Marketing scholar Deborah Mitchell, who teaches product and brand management at Ohio State University, says demand for a product (the Syria plan) is best stirred by appealing to the consumer (the public), not the retailer (Congress), and says, "I'm shocked that he has hasn't been going straight to the American people" until now.
She thinks Obama would improve his chances by calling up moral outrage over the Aug. 21 chemical attack near Damascus that the U.S. says killed more than 1,400 people, setting aside complex legal and diplomatic arguments and going hard for the gut. "It is in our DNA as Americans to be against crimes against humanity," she said. To play on that "would be like throwing seeds on fertile ground. People's minds are just waiting for it but he's not doing it. He's getting bogged down."
The administration moved in that direction recently, releasing a DVD compilation of videos highlighting attack victims, shown earlier to senators in a classified briefing. "As a parent, I cannot look at those pictures -- those little children laying on the ground, their eyes glassy, their bodies twitching -- and not think of my own two kids," Susan Rice, Obama's national security adviser, said Monday.
Andrew J. Polsky, political science professor at Hunter College and author of "Elusive Victories: The American Presidency at War," questions whether it's enough to reach for the high moral ground.

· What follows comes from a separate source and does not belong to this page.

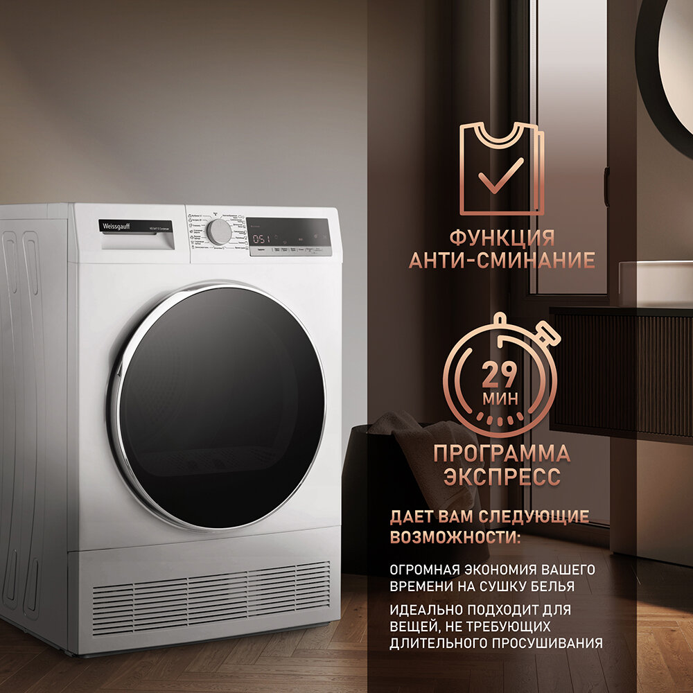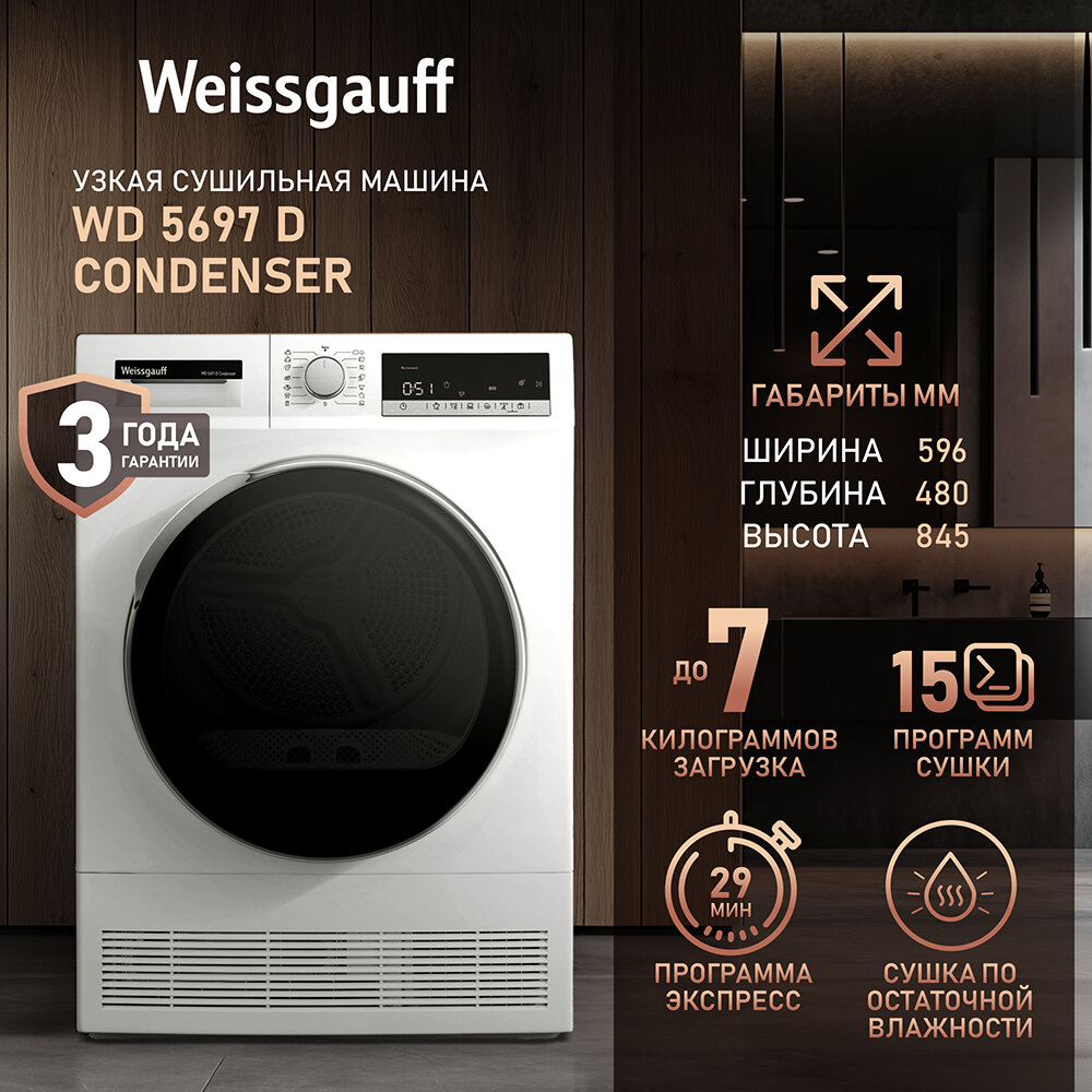 10 цен на Сушильная машина Weissgauff WD 5697 D Condenser, 15 программ, Подсветка барабана, Возможность установки в колонну.

"There is just no sense here that American interests are directly implicated," he said, "so then you're forced to make arguments about the general humanitarian need to intervene. And the evidence that these general humanitarian needs will drive the public to support intervention is very small. The reason why there are permanent refugee camps dotting much of the world where civil strife has broken out is because, in fact, world opinion doesn't get moved by these kinds of tragedies."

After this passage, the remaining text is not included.